26 April 2016 (coincidentally, the 25th
anniversary of a major tornado outbreak in the Plains) is a classic
illustration of the challenges associated with tornado forecasting. The connection between the
synoptic-scale weather systems and the occurrence of a major tornado outbreak
("outbreak" means different things to different people – there's no formal
definition) is complicated and depends heavily on details at smaller
scales. One can get the
synoptic-scale forecast mostly right but the development of tornadic supercells can be quite sensitive to the detailed structure and evolution at scales ranging
from the size of a single storm to features on scales thousands of km across. In meteorology, getting all of those details exactly right
in the forecast is something that more or less never happens. We can forecast tornado outbreaks in
advance with varying levels of confidence, but they're never a sure thing. Sometimes the details conspire to ruin the forecast. What looks portentious, even a few
hours in advance, can unravel quickly, such that the event doesn't unfold
as forecast.
This case reflects certain
facts about how severe storm forecasts work at the Storm Prediction
Center. The "culture" of the
office contributed to the way the forecasts evolved. If the situation looks like a possible outbreak, there‘s
pressure from a variety of sources to give advance notice of upcoming tornado
outbreak potential. Once a forecast
is issued, subsequent forecasts tend to maintain a relatively high level, even
when new information (or a new forecaster) might suggest a downgrade of the forecast. There's a reason for that: users are uncomfortable with
vacillation of the threat level, and if the threat is downgraded, and then even
newer information means a return to enhanced threat, the indecision can come
across as incompetence. In other
words, it can be unwise to back off the threat level. Moreover, there's an asymmetric penalty for missed
forecasts: a false alarm for an
event that never occurs can't result in human casualties and destruction,
whereas an unforecasted event that kills people can be cause for investigations and
possible disciplinary action. This
makes overforecasting almost inevitable.
In this case, there were some indications from the forecast
models that the probability of a major tornado outbreak was decreasing as the
fateful day approached, but the outlooks continued to raise concerns that a
tornado outbreak could occur. I
don't necessarily see that as an error; it's realistic given the current state of our science. An interesting facet to the case is that in the morning outlook on the day of the event, the forecast tornado probability was still
only 10%. The outlook was not
upgraded to "High Risk". I believe
this is a plausibly accurate reflection of forecaster uncertainty. However, the media were continuing the
drumbeat of concern for a major event - the issue of the media is not going to be dealt with here.
Technically, a severe weather outlook is not focused only on tornadoes,
and the nontornadic aspects of the forecast worked out pretty well. Therefore, my comments here are restricted only
to the forecast of a significant tornado outbreak with multiple, long-track,
strong to violent tornadoes (EF2-EF5)
In my view, and this is purely a personal opinion, the
biggest "mistake" from the SPC was issuing a PDS ("Particularly dangerous situation")

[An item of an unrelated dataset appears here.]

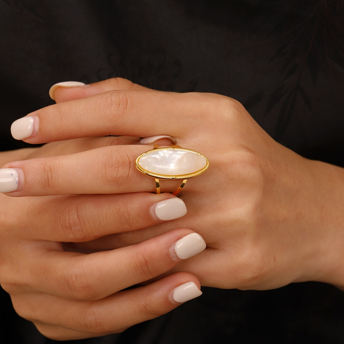 Elegant statement ring for women featuring a vintage open cushion design with 18K gold plating and resin inlay. Perfect for all season wear and makes a stylish gift for any holiday-themed occasion.

watch in the early afternoon. This
was not warranted by the information of which I was aware (I was out storm
chasing). Whatever explanation might
be offered in justification of this decision is in direct contradiction to the observed events. I'm sure if offered a "do-over", the
choice would be not to make it a PDS watch.
Make no bones about it. Tornado forecasting isn't an easy job and perfection is out
of the question. I mean no disrespect to any forecaster involved in this event but we have to accept that the outcome is generating some backlash that's quite understandable. Uncertainty is
inevitable and probability is the language of uncertainty; by whatever verbiage we use to express it, we meteorologists need to communicate our uncertainty to our users such they accept the
real capabilities of meteorological science as applied to the task of
forecasting tornadoes. By all
means, we need to find out how to communicate with our users so that they
understand our message, and know how to respond in the appropriate way to our
weather forecasts. We simply
can't provide a 100% level of confidence in the forecast information we
provide. Our users must learn that
they bear some responsibility for their own self-interests. Weather hazards can present people with life-and-death
situations, so in their own best interests, they need to pay attention and learn how to make the best use of
what the science allows us to provide.